= Paul Laymann =

Austrian Jesuit and moralist

Paul Laymann (1574 - 13 November 1635 or 1632 ) was an Austrian Jesuit and moralist.

== Biography ==

Laymann was born at Arzl, near Innsbruck. After studying jurisprudence at Ingolstadt, he entered the Society of Jesus there in 1594, was ordained priest in 1603, taught philosophy at the University of Ingolstadt from 1603-9, moral theology at the Jesuit house in Munich from 1609–25, and Canon law at the University of Dillingen from 1625-32. He died of the plague at Konstanz.

== Works ==

Laymann was one of the greatest moralists and canonists of his time, and a copious writer on philosophical, moral, and juridical subjects. The most important of his thirty-three literary productions is a compendium of moral theology, Theologia Moralis in quinque libros partita (Munich, 1625), of which a second and enlarged edition in six volumes appeared in 1626 at the same place. Until the second quarter of the eighteenth century it was edited repeatedly (latest edition, Mainz, 1723), and was extensively used as a textbook in Catholic seminaries.

Especially in the third edition of his Theologia Moralis, Laymann stands up resolutely for a milder treatment of those who had been accused of witchcraft. The reason why Laymann is often represented as an advocate of the horrible cruelties practised at trials for witchcraft lies in the assumption that he is the author of a book entitled Processus juridicus contra sagas et veneficos (Cologne, 1629). Quite in contrast with Laymann's Theologia Moralis, this book is a defence of the extreme severity at trials for witchcraft. Bernhard Duhr has proved that Laymann is not the author of this work. See Zeitschrift für katholische Theologie, XXIII (Innsbruck, 1899), 733-43; XXIV (1900), 585-92; XXV (1901), 166-8; XXIX (1905), 190-2.

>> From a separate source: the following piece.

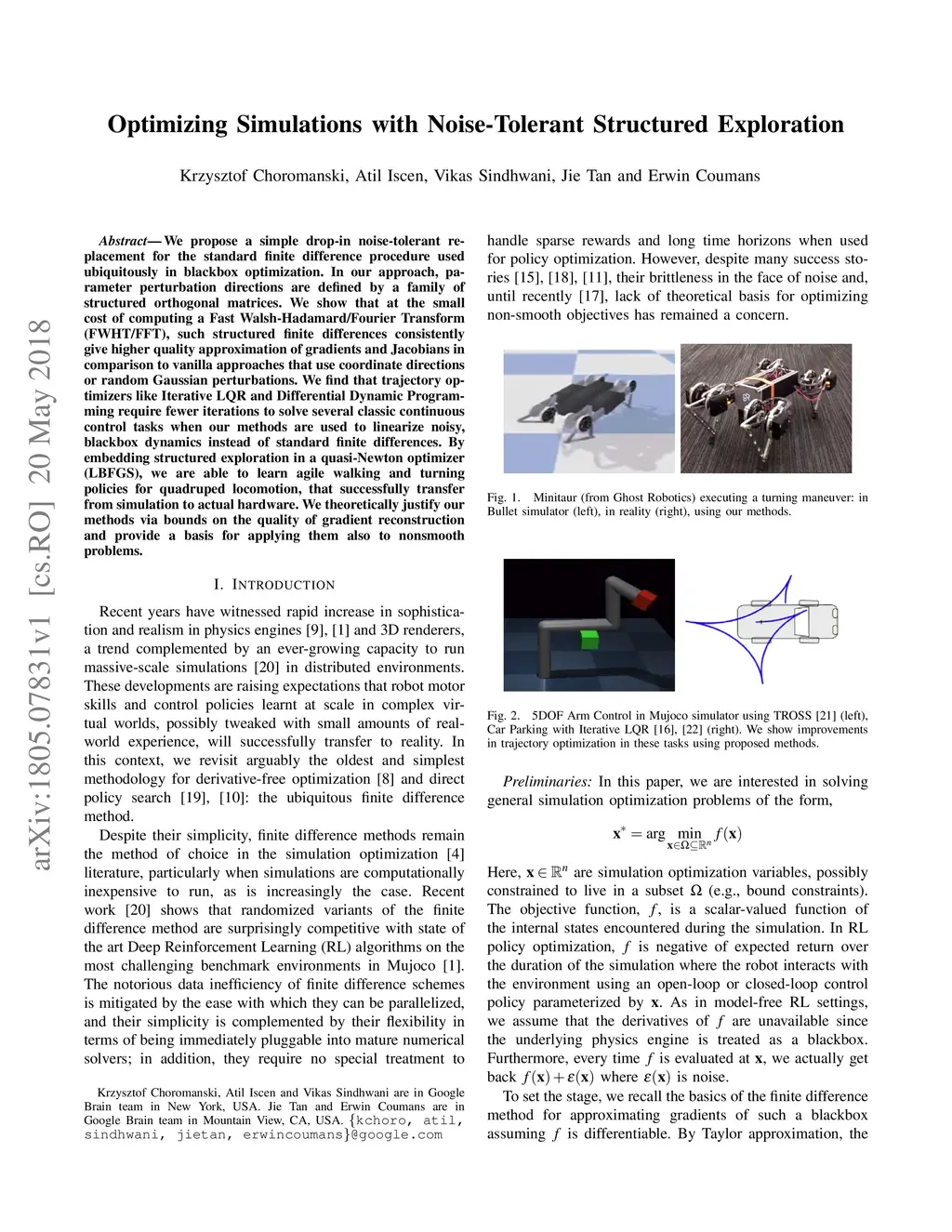 We propose a simple drop-in noise-tolerant replacement for the standard finite difference procedure used ubiquitously in blackbox optimization. In our approach, parameter perturbation directions are defined by a family of structured orthogonal matrices. We show that at the small cost of computing a Fast Walsh-Hadamard/Fourier Transform (FWHT/FFT), such structured finite differences consistently give higher quality approximation of gradients and Jacobians in comparison to vanilla approaches that use coordinate directions or random Gaussian perturbations. We find that trajectory optimizers like Iterative LQR and Differential Dynamic Programming require fewer iterations to solve several classic continuous control tasks when our methods are used to linearize noisy, blackbox dynamics instead of standard finite differences. By embedding structured exploration in a quasi-Newton optimizer (LBFGS), we are able to learn agile walking and turning policies for quadruped locomotion, that successfully transfer from simulation to actual hardware.We theoretically justify our methods via bounds on the quality of gradient reconstruction and provide a basis for applying them also to nonsmooth problems.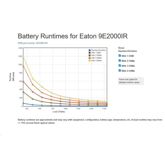 | TECHNICKÉ ÚDAJE PRODUKTU | SEKUNDÁRNÍ FREKVENCE - MAX. 60 Hz KŘIVKA VÝSTUPNÍHO NAPĚTÍ Sinusový výstup MAXIMÁLNÍ POČET BATERIOVÝCH MODULŮ 4 VÝKON 1800 W VÝSTUPNÍ ÚČINÍK 0,9 PROVEDENÍ Rack ZKRESLENÍ NAPĚTÍ VÝSTUPU (LINEÁRNÍ ZÁTĚŽ) – MAX. 3 ZAHRNUJE SÍŤOVOU KARTU Ne ZAPOJENÍ VSTUPU C14 VSTUPNÍ NAPĚTÍ – MIN. 140 V VÝSTUPNÍ NAPĚTÍ – MAX. 240 V SEKUNDÁRNÍ FREKVENCE - MIN. 50 Hz KOMPATIBILITA SOFTWARU Software Eaton Intelligent Power Manager, Eaton Intelligent Power Protector VÝMĚNA BATERIE Vyměnitelné baterie TYP BATERIE Bezúdržbový, olověný ÚČINNOST 91 ZVLÁŠTNÍ CHARAKTERISTIKY Topologie dvojité konverze Neustále monitoruje kvalitu vstupního napájení a reguluje napětí a frekvenci na výstupu Poskytuje větší činný výkon (ve wattech) pro lepší ochranu zařízení s účiníkem 0,9 Interní bypass zajišťuje kontinuitu provozu v případě poruchy UPS LCD displej Dlouhá doba zálohy s až 4 volitelnými EBM |

At the instance of Bishop Heinrich von Knöringen of Augsburg, Laymann wrote Pacis compositio inter Principes et Ordines Imperii Romani Catholicos atque Augustanæ Confessionis adhærentes (Dillingen, 1629), an elaborate work of 658 pages, explaining the value and extent of the Religious Peace of Augsburg, effected by King Ferdinand I in 1555. Another important work of Laymann is Justa defensio Sanctissimi Romani Pontificis, augustissimi Cæsaris, S.R.E. Cardinalium, episcoporum principum et aliorum, demum minimæ Societatis Jesu, in causa monasteriorum extinctorum et bonorum ecclesiasticorum vacantium . . . (Dillingen, 1631). It treats of the Edict of Restitution, issued by Ferdinand II in 1629, and sustains the point that in case of the ancient orders the property of suppressed monasteries need not be restored to the order to which these monasteries belonged, because each monastery was a corporation of its own. Such property, therefore, may be applied to Catholic schools and other ecclesiastical foundations. In the case of the Jesuit Order, however, he holds that all confiscated property must he restored to the order as such, because the whole Jesuit Order forms only one corporation.

His work on canon law, Jus Canonicum seu Commentaria in libros decretales (3 vols., Dillingen, 1666–98), was published after his death.